Data below -
:::::

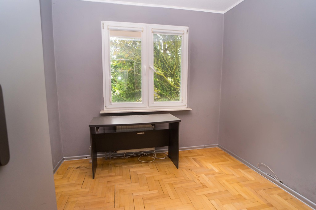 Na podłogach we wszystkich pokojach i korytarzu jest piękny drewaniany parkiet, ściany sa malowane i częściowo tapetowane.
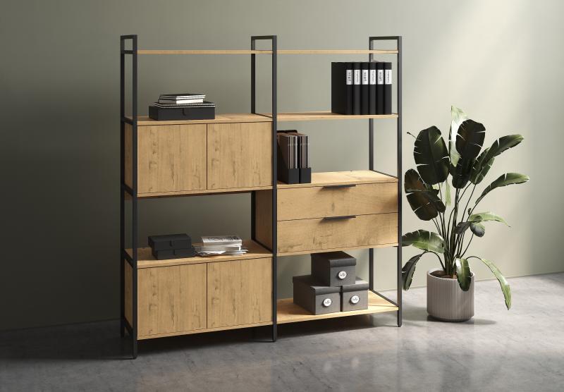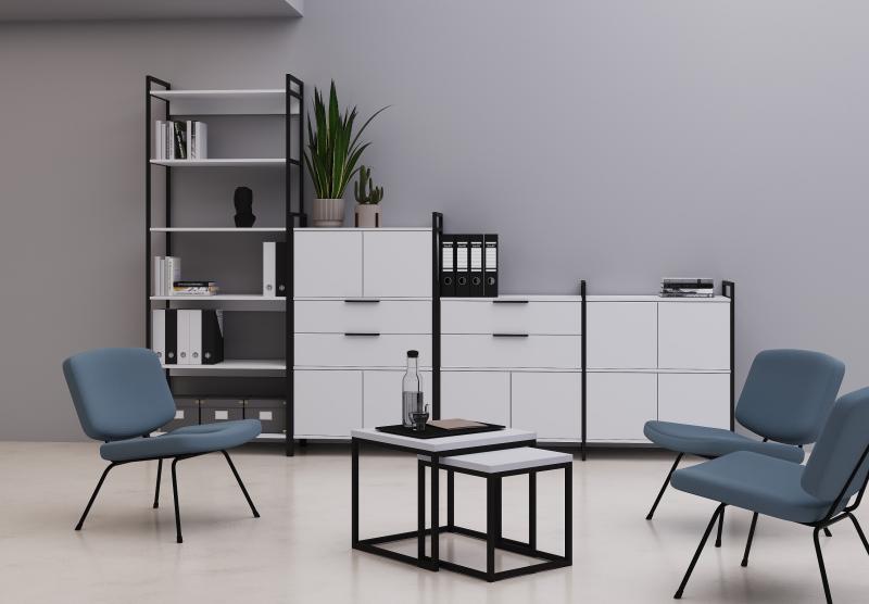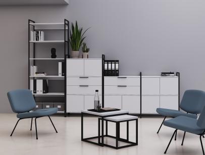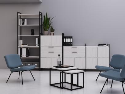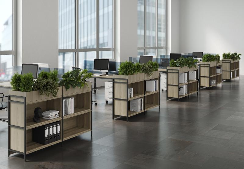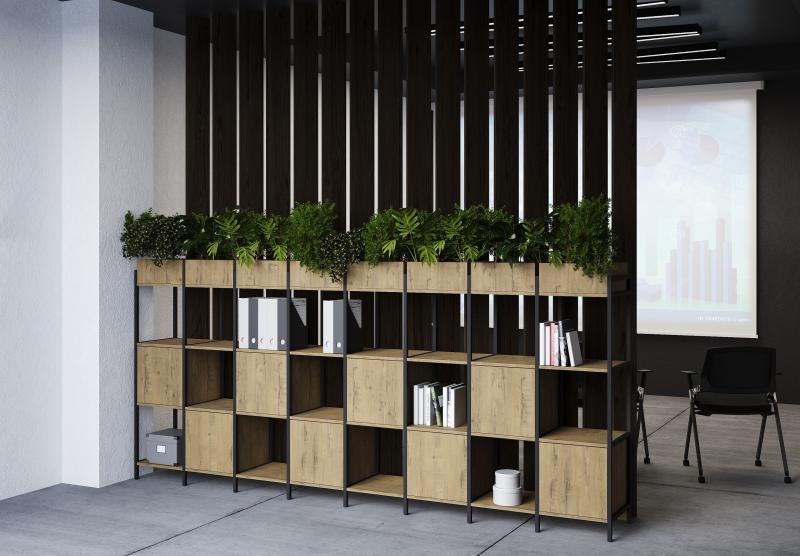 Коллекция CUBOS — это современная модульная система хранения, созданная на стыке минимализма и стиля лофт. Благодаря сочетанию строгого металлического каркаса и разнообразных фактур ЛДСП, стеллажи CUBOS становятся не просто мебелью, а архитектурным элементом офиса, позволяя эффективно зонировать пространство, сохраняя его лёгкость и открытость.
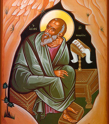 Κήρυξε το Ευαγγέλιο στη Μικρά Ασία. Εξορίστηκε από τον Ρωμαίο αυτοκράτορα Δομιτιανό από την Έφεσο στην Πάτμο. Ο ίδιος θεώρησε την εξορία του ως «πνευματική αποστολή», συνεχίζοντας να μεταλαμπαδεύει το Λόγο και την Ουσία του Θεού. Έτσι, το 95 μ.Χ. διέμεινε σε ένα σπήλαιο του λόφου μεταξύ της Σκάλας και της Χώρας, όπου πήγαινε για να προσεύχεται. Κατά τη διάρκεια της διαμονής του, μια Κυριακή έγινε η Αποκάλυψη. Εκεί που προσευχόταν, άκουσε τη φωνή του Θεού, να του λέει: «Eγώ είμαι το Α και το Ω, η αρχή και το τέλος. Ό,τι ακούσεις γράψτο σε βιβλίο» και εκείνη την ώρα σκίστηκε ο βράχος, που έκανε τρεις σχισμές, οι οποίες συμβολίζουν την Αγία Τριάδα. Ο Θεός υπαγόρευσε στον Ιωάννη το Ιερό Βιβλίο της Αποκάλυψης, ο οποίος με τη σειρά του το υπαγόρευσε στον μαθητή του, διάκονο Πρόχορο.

:::::

Directions for this task -
Every line of the data should be transcribed exactly. Omit the images.

Result -
 Na podłogach we wszystkich pokojach i korytarzu jest piękny drewaniany parkiet, ściany sa malowane i częściowo tapetowane.
 Коллекция CUBOS — это современная модульная система хранения, созданная на стыке минимализма и стиля лофт. Благодаря сочетанию строгого металлического каркаса и разнообразных фактур ЛДСП, стеллажи CUBOS становятся не просто мебелью, а архитектурным элементом офиса, позволяя эффективно зонировать пространство, сохраняя его лёгкость и открытость.
 Κήρυξε το Ευαγγέλιο στη Μικρά Ασία. Εξορίστηκε από τον Ρωμαίο αυτοκράτορα Δομιτιανό από την Έφεσο στην Πάτμο. Ο ίδιος θεώρησε την εξορία του ως «πνευματική αποστολή», συνεχίζοντας να μεταλαμπαδεύει το Λόγο και την Ουσία του Θεού. Έτσι, το 95 μ.Χ. διέμεινε σε ένα σπήλαιο του λόφου μεταξύ της Σκάλας και της Χώρας, όπου πήγαινε για να προσεύχεται. Κατά τη διάρκεια της διαμονής του, μια Κυριακή έγινε η Αποκάλυψη. Εκεί που προσευχόταν, άκουσε τη φωνή του Θεού, να του λέει: «Eγώ είμαι το Α και το Ω, η αρχή και το τέλος. Ό,τι ακούσεις γράψτο σε βιβλίο» και εκείνη την ώρα σκίστηκε ο βράχος, που έκανε τρεις σχισμές, οι οποίες συμβολίζουν την Αγία Τριάδα. Ο Θεός υπαγόρευσε στον Ιωάννη το Ιερό Βιβλίο της Αποκάλυψης, ο οποίος με τη σειρά του το υπαγόρευσε στον μαθητή του, διάκονο Πρόχορο.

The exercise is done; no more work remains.